YOUR OBJECTIVE:
Retype, word for word, the lines from the first line of the entries through the line that holds "Forward/Reverse Direction Control:A"; leave out the pictures.
..............................
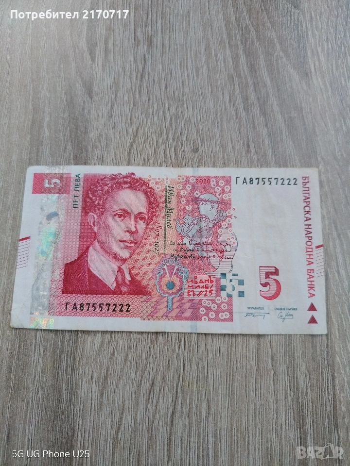 Банкнота 5 лева 2020 година → Обява 54268087
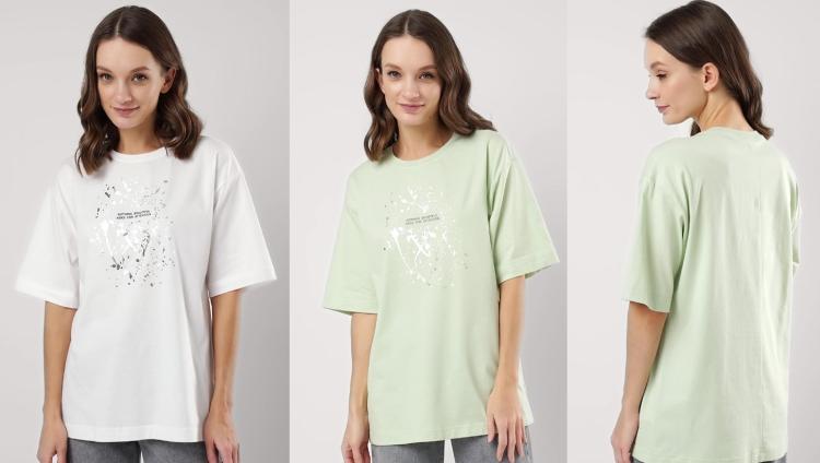 Описание: Футболка оверсайз свободного кроя из хлопкового трикотажного полотна. Слегка спущенный короткий рукав. Округлая горловина с обтачкой из рибаны. По спинке средний шов. Спереди принт с фольгой. Состав: 100% хлопок
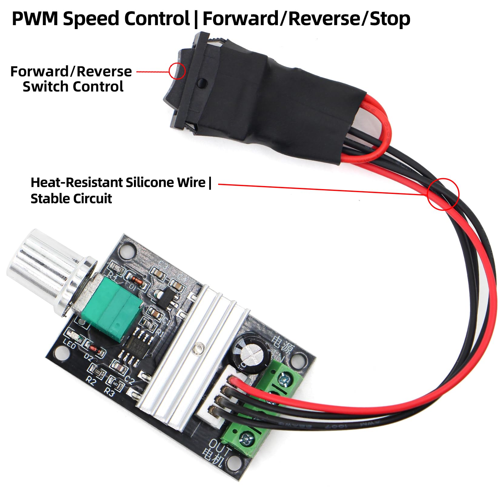 Forward/Reverse Direction Control:A 3-position toggle switch enables easy switching between forward, stop, and reverse modes for your DC motor. The 15cm/5.9in switch cable is made of ultra-soft, high-temperature resistant silicone wire, supporting flexible installation and long-term durability.
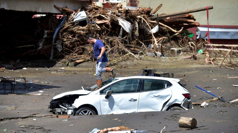 The floods struck on the heels of wildfires in southern Turkey that devastated forests in the seaside provinces of Mugla and Antalya, which are popular with tourists. At least 16 people died in those wildfires — including eight emergency workers as their firefighting plane crashed Saturday — and thousands of residents and tourists were forced to flee.
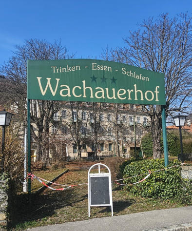 Transparente überall. Marillen gibt es hier ganzjährig im Angebot. Über das Wappen von Spitz habe ich länger nachgedacht.Was soll es darstellen? Nun, ich hätte einige Ideen, sie werden aber wohl nicht das sein was es sein sollte. Vielleicht weiß es hier ja einer meiner Leserinnen und Leser? Würde mich über Aufklärung dessen sehr freuen.Der Wachauerhof hat leider auch schon den Glanz seiner Sterne verloren.
..............................
SOLUTION TO THIS TASK:
 Банкнота 5 лева 2020 година → Обява 54268087
 Описание: Футболка оверсайз свободного кроя из хлопкового трикотажного полотна. Слегка спущенный короткий рукав. Округлая горловина с обтачкой из рибаны. По спинке средний шов. Спереди принт с фольгой. Состав: 100% хлопок
 Forward/Reverse Direction Control:A 3-position toggle switch enables easy switching between forward, stop, and reverse modes for your DC motor. The 15cm/5.9in switch cable is made of ultra-soft, high-temperature resistant silicone wire, supporting flexible installation and long-term durability.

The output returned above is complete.